A projectile is launched straight upwards at 45 m/s. Three seconds later, its velocity is
A. 75 m/s
B. 30 m/s
C. 15 m/s
D. zero
15
v=45-g*time
To find the velocity of the projectile 3 seconds after it was launched, we can use the formula for projectile motion:
v = u + at
Where:
v = final velocity
u = initial velocity
a = acceleration
t = time
In this case, the initial velocity is 45 m/s, the acceleration is due to gravity (-9.8 m/s^2), and the time is 3 seconds. Therefore, we can substitute these values into the formula:
v = 45 + (-9.8)(3)
v = 45 - 29.4
v = 15.6 m/s
Therefore, the velocity of the projectile 3 seconds after it was launched is 15.6 m/s.
The correct answer is C. 15 m/s.
To find the velocity of the projectile three seconds after it is launched, we need to consider the effect of gravity. The acceleration due to gravity is approximately 9.8 m/s², acting downward.

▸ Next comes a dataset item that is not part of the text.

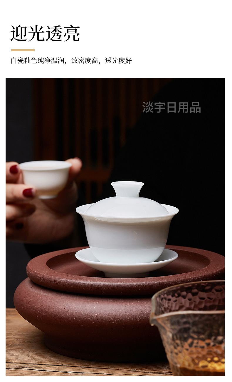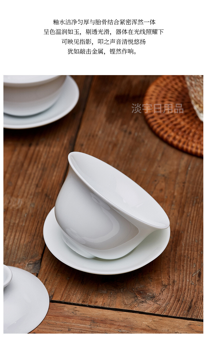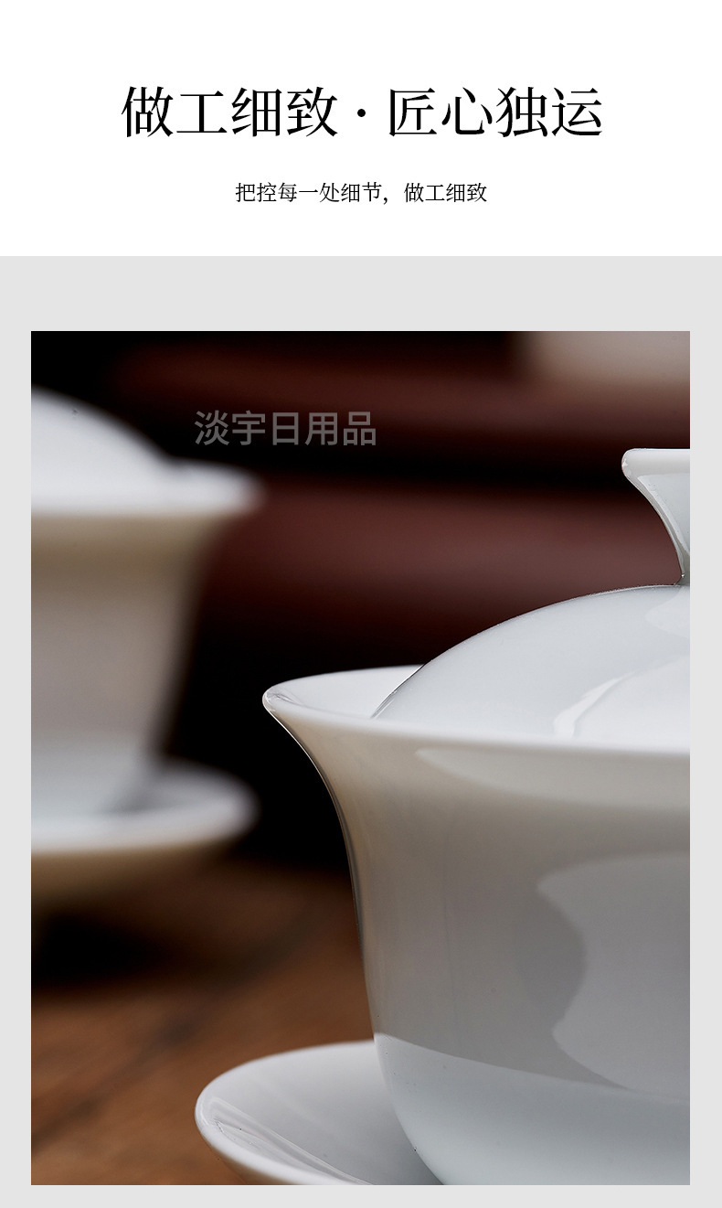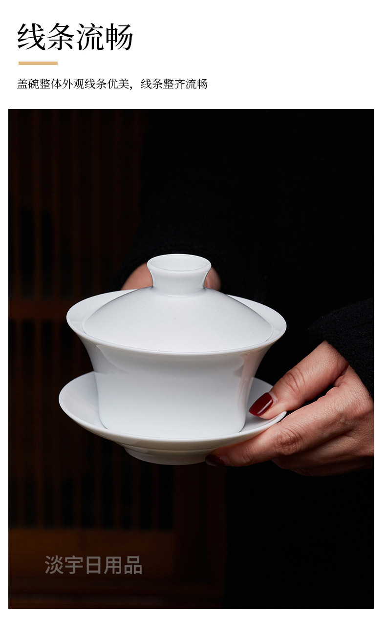 Чайный сервиз, большая, средняя и маленькая закрытая чаша/чисто-белая бытовая китайская чаша для чая ручной работы с защитой от ожогов, керамическая ручная работа, простой белый фарфор

Since the projectile is launched straight upwards, its initial velocity is positive (+45 m/s). After three seconds, the only force acting on the projectile is gravity, which causes it to decelerate. We can use the equation:
final velocity = initial velocity + (acceleration due to gravity * time)
Plugging in the values:
final velocity = 45 m/s + (-9.8 m/s² * 3 s)
final velocity = 45 m/s - 29.4 m/s
final velocity = 15.6 m/s
Therefore, three seconds later, the velocity of the projectile is approximately 15.6 m/s. The correct answer is C. 15 m/s.